Ulta has plenty of room to run in terms of opening new stores (still way under-developed). Its U.S. focus eliminates currency noise and noise of geopolitics and macroeconomics, and it should start to reap the benefits of more spending after the impact of lower gas prices.
Ulta posted fourth-quarter sales of $1.05 billion, up 20.7% year over year and ahead of analysts' average estimate of $1.02 billion. Same-store sales rose 11.1% -- the strongest gain since 2011 -- on top of a 9.2% increase a year ago, and beat analysts' estimates of 7.5%.
Quarterly earnings, including a one-time tax benefit of 2 cents a share, came in at $1.35 a share, ahead of analysts' average estimate of $1.28.
Management guided for first-quarter revenue of $833 million to $847 million, compared with analysts' estimate of $832 million, and EPS of 88 cents to 93 cents a share vs. views for 91 cents. For fiscal 2015, management is targeting same-store sales of between 6% and 8%, with total sales growing in the mid-teens. Management expects ecommerce sales to be in the 40% range and for the company to deliver EPS growth of 15% to 17%, or $4.55 to $4.63, ahead of analysts' average estimate of $4.53.
Management reiterated its intention to open 100 new stores in 2015. The company was quite positive on how its two small-format test stores performed, and it is in the planning stages of scaling the build-out of a couple of hundred additional stores.
Management commented that the West Coast port slowdown has not materially affected business.

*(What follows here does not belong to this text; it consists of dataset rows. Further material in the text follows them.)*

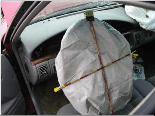
Figure 7 - Deployed driver's air bag.

The front right air bag deployed through a top-hinged single cover flap that was 39 cm (15.4”) in width and 20 cm (7.9”) in height. The deployed front right air bag ( Figure 8 ) was 61 cm (24”) in width and 48 cm (18.9”) in height in its deflated state. The air bag was vented by two ports located at the 10 and 2 o’clock positions on the rear of the bag and was tethered by two straps in unknown locations. Vinyl striations were present on the upper aspect of air bag; however, no discernable occupant loading evidence was present.
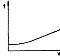
Figure 1. Friction x velocity curve for plastics sliding on steel.

A positive "f x v" curve also raises the damping capacity of the slideways in the direction of motion which improves the dynamic rigidity of the machine. The types of plastics most used for avoiding stick-slip are the following: PTFE-based plastics, epoxy resin with anti-stick-slip fillers, acetal resin with MoS 2 or PTFE.
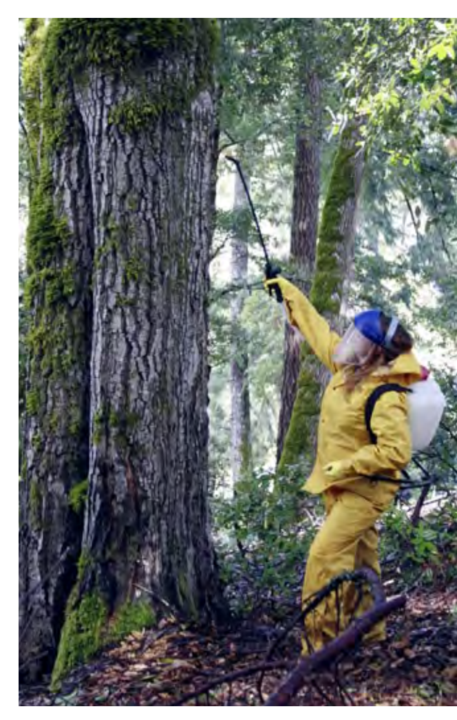
Figure 4. Topical application of Agri-Fos systemic fungicide to a tanoak stem.

Nonetheless, while individual true oaks may remain healthy in a grove even after multiple waves of infections, a single wave of infection can affect a large number, or even all, of the tanoaks growing on the same site. This is because P. ramorum sporulates well from tanoak but not from true oaks; thus, it can spread from tanoak to tanoak but not from true oak to true oak. For this reason, phosphonate treatments are recommended for individual true oaks that have few to no symptoms, even within infested groves, while tanoak treatments are recommended only if the entire stand or grove is healthy and infection is at least over 100 yards away.
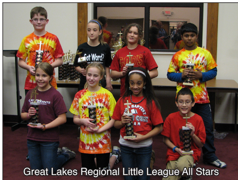
Great Lakes Regional Little League All Stars
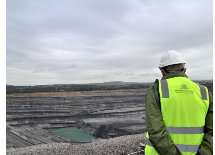
View of the existing Glendell Pit looking west.
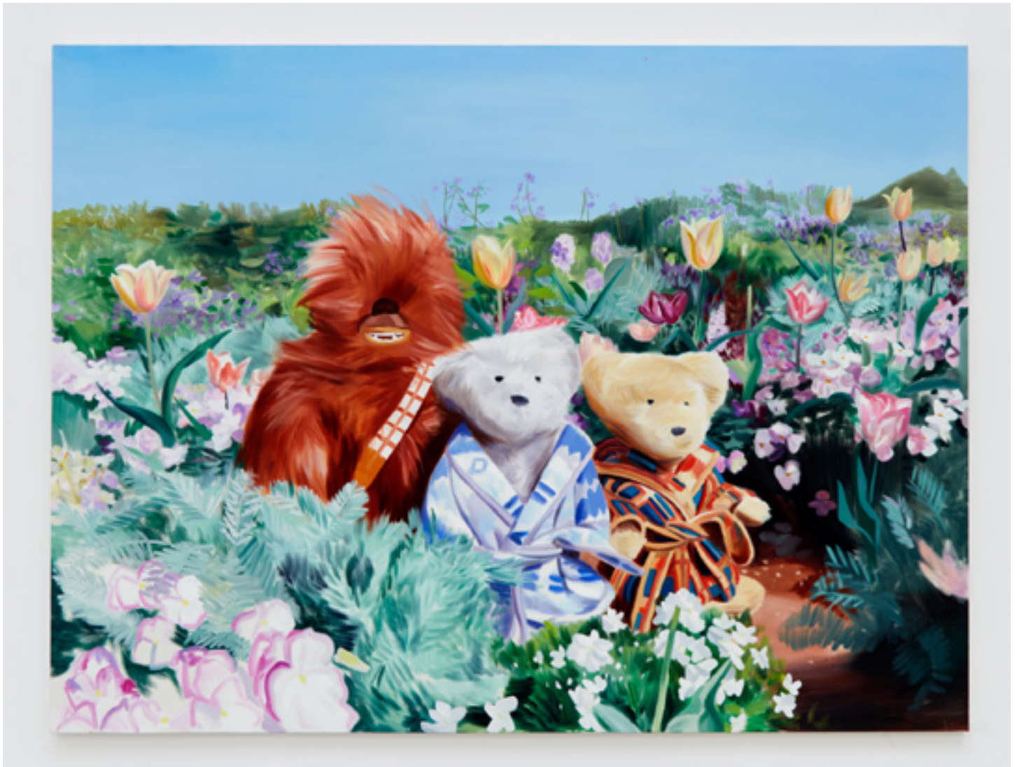
Ulala Imai Care , 2022 Oil on canvas 76 3/8 × 102 1/8 inches; 194.01 × 259.41 cm UI-22-013
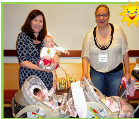
Future Preschool Attendees with Their Moms!

The St. Mark's Preschool Board is working with The Southwestern Association of Episcopal Schools (SAES) to ensure that our preschool will become accredited in the future. SAES sets a high standard for Episcopal accrediting in the United States and has a mission "to lead, to nurture and to unify Episcopal schools in order to advance educational excellence with the faith community of the Episcopal Church."

In the fourth quarter, customer traffic increased 7.7% and average ticket increased 3.4% on better mix and less discounting. Retail store comps grew 8.8%, driven by 5.7% traffic growth and 3.1% average ticket growth. The strength in comps was led by prestige, mass color cosmetics and salon services.
E-commerce sales grew 55% and added 230 basis points to the comp growth. E-commerce still represents a small 4.6% of sales (for fiscal 2014), and management is focused on growing that business.
Gross margin at 33.4% was a touch weaker than expected (33.8%) and came in 44 basis points lower than last year as the company saw increased usage of its ULTAmate rewards loyalty program, which now boasts 15 million active members. Lower-margin e-commerce sales also weighed on margins.
On the balance sheet, the company ended fiscal 2014 with $539 million in cash and equivalents and no debt.
Management continued to execute its share-repurchase program and acquired $10 million worth of shares in the quarter. The company also announced a $100 million expansion to its share-repurchase program, leaving $360 million in place.
In keeping with TSC's editorial policy, Bryan Ashenberg doesn't own or short individual stocks. He also doesn't invest in hedge funds or other private investment partnerships. Trifecta Stocks is long ULTA.